Two Weeks' Notice: A Revivalist Novel
Page 22
Phone. She needed a damn phone.
And the best place to find one would be inside the central building.
Bryn raced over the open area, trying to keep to the shadows as much as she could; the moonlight was traitorously bright out, but she made it to the garden and hid in the dark overhang of a still-blooming rosebush for a moment. Lights were on in the secured-facility building, and she saw into the windows at the front; there were at least three or four burly, sour-looking nurses who were off to check the rooms. Someone would find the “body” soon.

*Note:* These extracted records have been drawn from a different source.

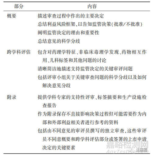 NDRP計劃的另一項關(guān)鍵工作是開發(fā)綜合審評流程和文件模板,這是評估新藥上市申請(new drug applications,NDA)和生物制品許可申請(biologics license applications,BLA)的更新流程。新流程中,美國FDA的科學(xué)審查人員組成一個跨學(xué)科團隊,共同討論擬上市藥品的安全性、有效性等一系列關(guān)鍵問題,同時圍繞關(guān)鍵問題和潛在的收益?風(fēng)險撰寫一篇評論,在新藥或生物制劑批準后,公開發(fā)布包含概要、跨學(xué)科評估和附錄的綜合審評文件[23](見表4)。
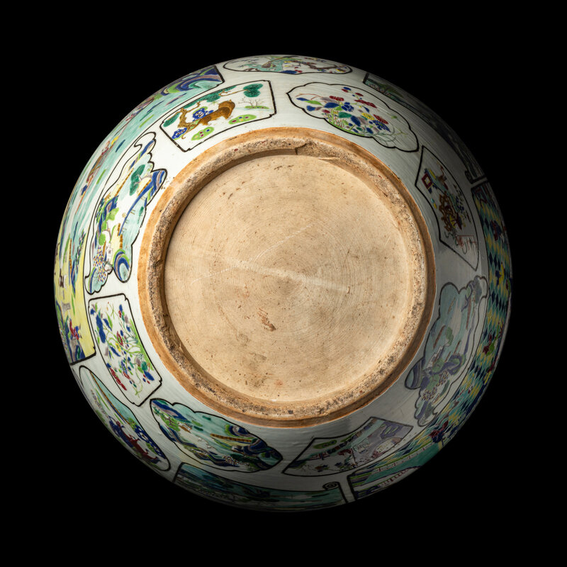 Richly enameled with leaf, bat, and handscroll-shaped panels, enclosing birds and flowers, bogu motifs, and boys in a garden.
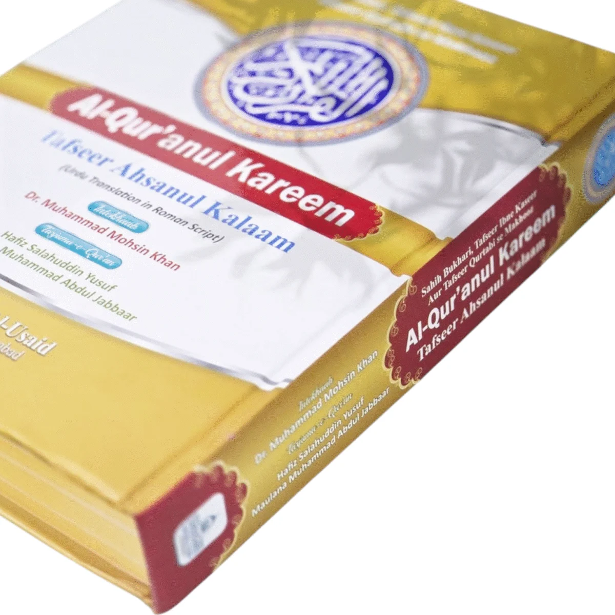 Tafseer Ahsanul Kalaam (Urdu Translation in Roman Script) – Roman Urdu تفسير أحسن الكلام (الترجمة الأردية بالنص الروماني) – الرومانية الأردية تفسیر احسن الکلام (رومن اسکرپٹ میں اردو ترجمہ) – رومن اردو This Tafseer offers a comprehensive explanation of the Quran, now available in Roman script for those who may not read Urdu script but wish to understand the Quran’s message. Tafseer Ahsanul Bayan is a widely recognized and respected work, providing a detailed interpretation in easy-to-understand language. The Roman script makes this version accessible to a broader audience, helping readers understand the Quran’s meaning without needing proficiency in Arabic or Urdu script. Features: Urdu translation in Roman script Detailed commentary and explanation of Quranic verses Ideal for non-Urdu script readers Authentic and widely accepted Tafseer Size: 19x25x4 cm Translated by: Hafiz Salahuddin Yusuf, Moulana Muhammad Abdul Jabbaar Intikhab: Dr. Muhammad Mohsin Khan Transliteration: Abu Arqam Tarique Salafi Publisher: Maktaba Al-Usaid
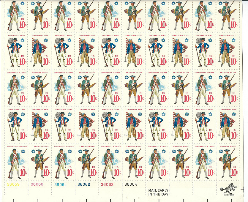 Scott # 1565/8...10 Cent ..Continental Military...Sheet with 50 Stamps
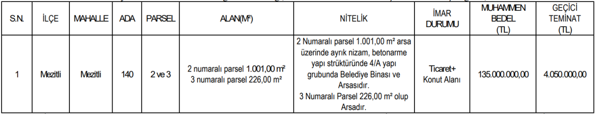 Mersin’de ise MESKİ Genel Müdürlüğü tarafından Mezitli ilçesinde bulunan taşınmazlar için ihale düzenlenecek. Ticaret ve konut alanı imarına sahip parseller için belirlenen muhammen bedel 135 milyon TL olarak açıklandı.
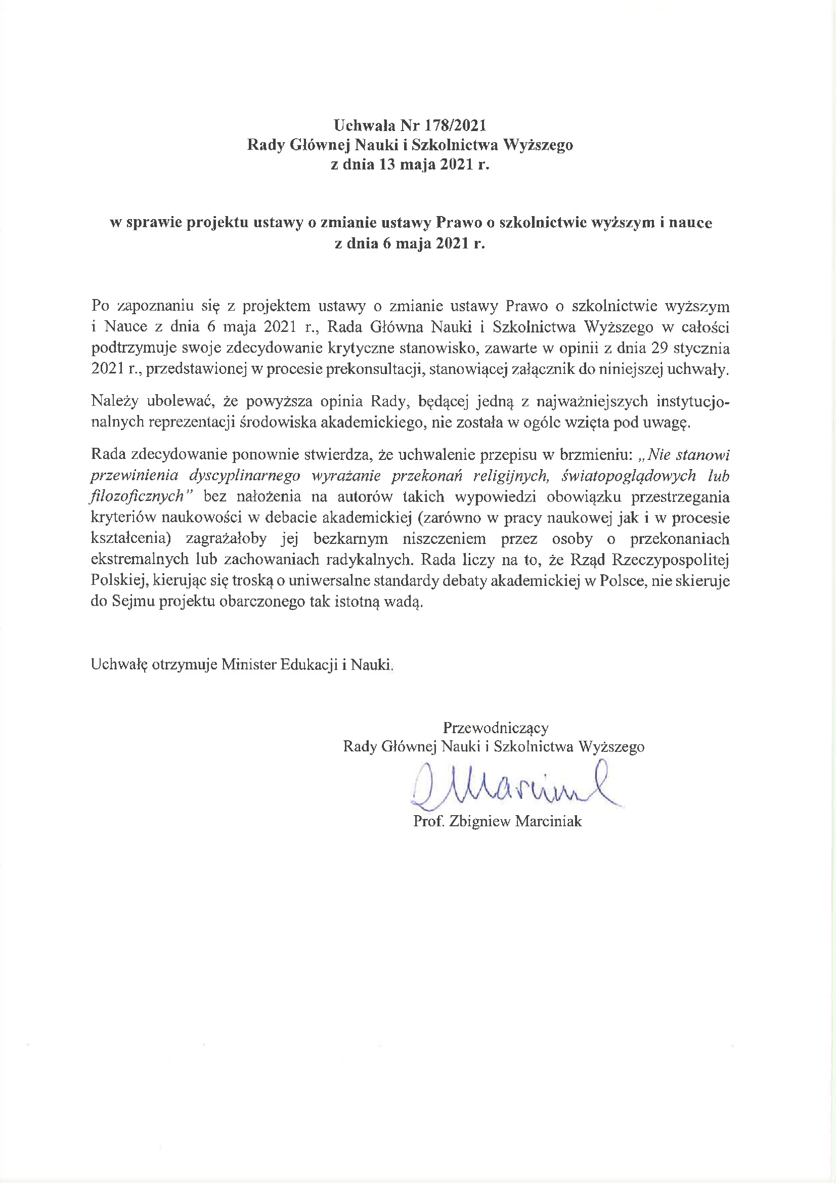 Uchwała Nr 178/2021 Rady Głównej Nauki i Szkolnictwa Wyższego z dnia 13 maja 2021 r. w sprawie projektu ustawy o zmianie ustawy Prawo o szkolnictwie wyższym i nauce z dnia 6 maja 2021 r.
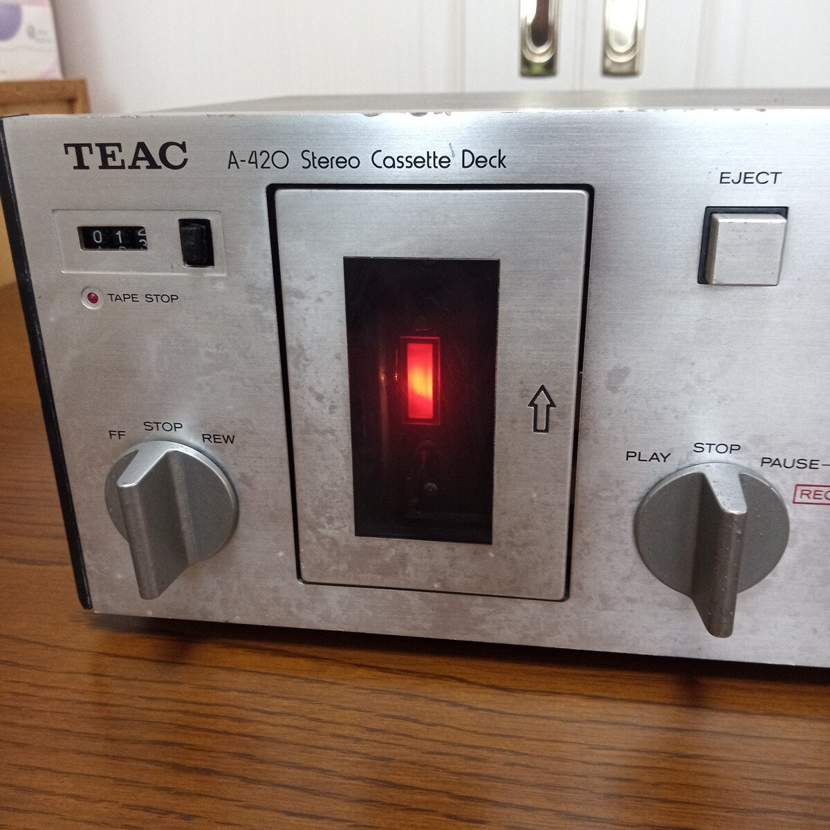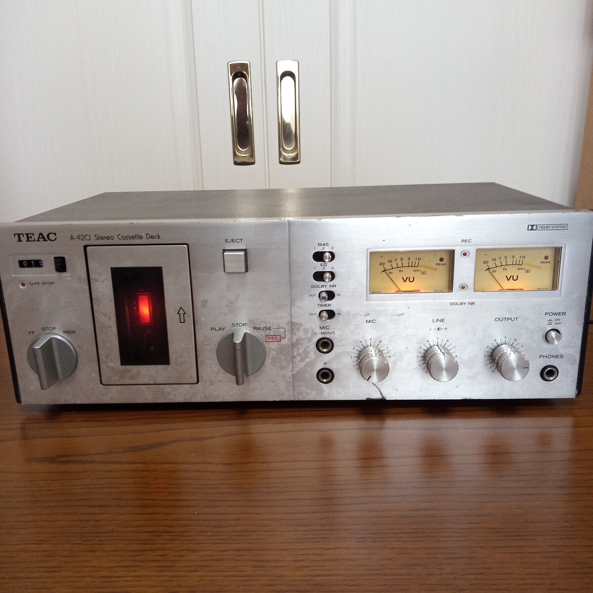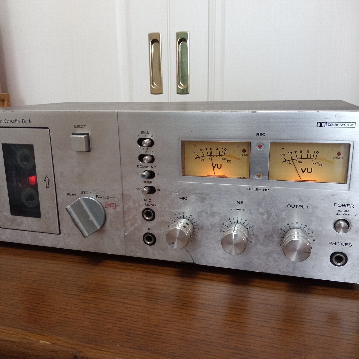 不動品を入手して修理して使用していたものです。修理箇所は全ベルト交換、モーター台座修理(ゴムが朽ちてモーターが外れかけてました)、録音再生レベル調整、カウンターリセットボタン修理、速度調整、アジマス調整、などです。
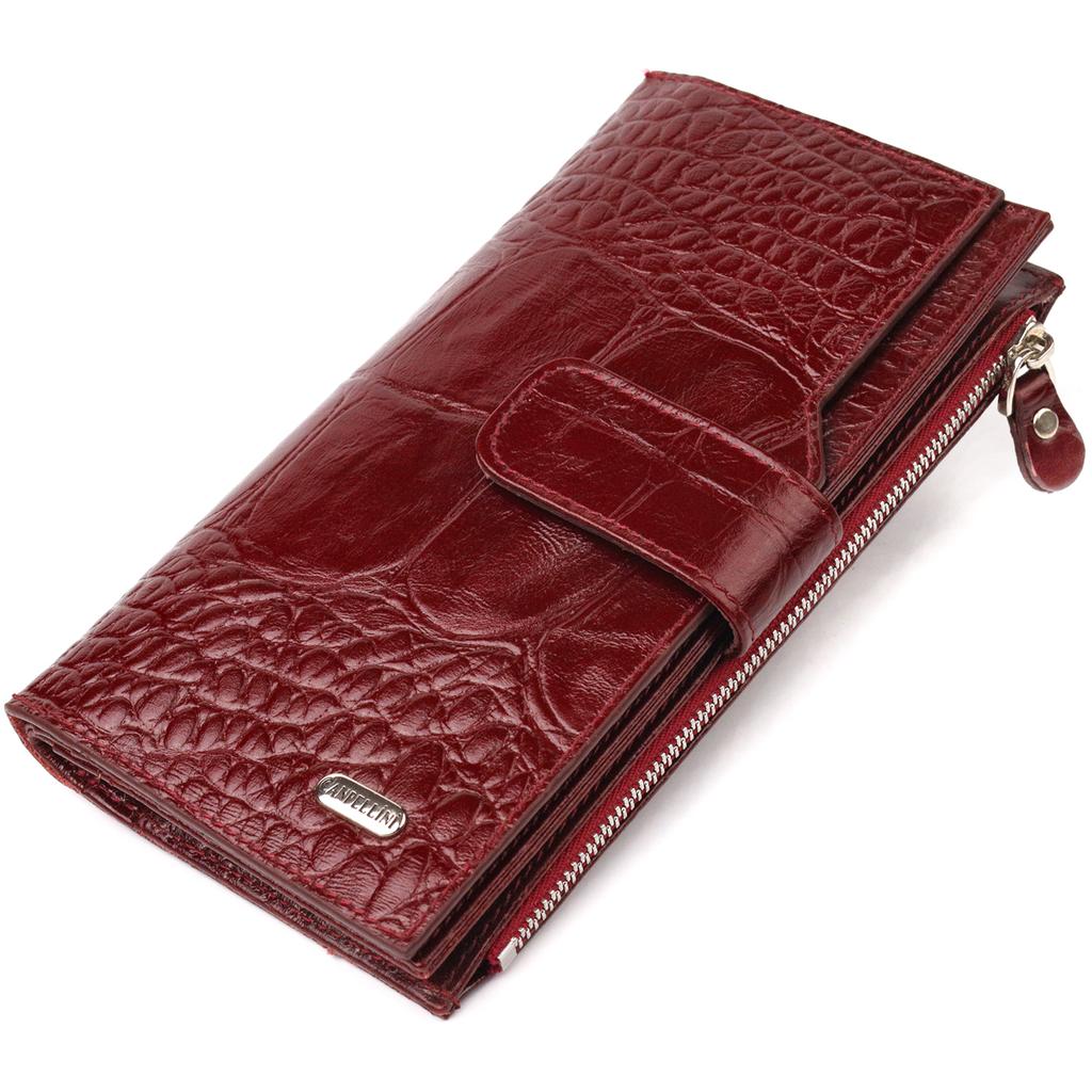 Prostorné vertikální dámské kočky z pravé kůže s ražbou krokodýla CANPELLINI Wallet 21644 Burgundy

The patio doors off the garden were locked tight. No way inside. She followed the curve of the building around, testing windows, and finally found one that was open to admit a cool night breeze. She slid it up, careful of the noise, and cast a quick look inside to scout the footing. It was clear beneath, and she slithered over the sill and down to the carpet without much noise.
The old woman sleeping on the gurney—unrestrained, except for the metal railings—didn’t stir. She looked as frail as a dandelion, but someone cared about her—there was a thick, hand-knitted afghan tucked around her, and a pillow nicer than anything available in the facility. Bryn scanned her bedside table, but found no trace of a cell phone or landline. She eased the door open. This facility had wider hallways, nicer carpet, big windows, and—unfortunately—more nurses. These were going door-to-door, methodically checking beds; when one went into a room, another came out, as if they’d planned it that way to cover any eventuality.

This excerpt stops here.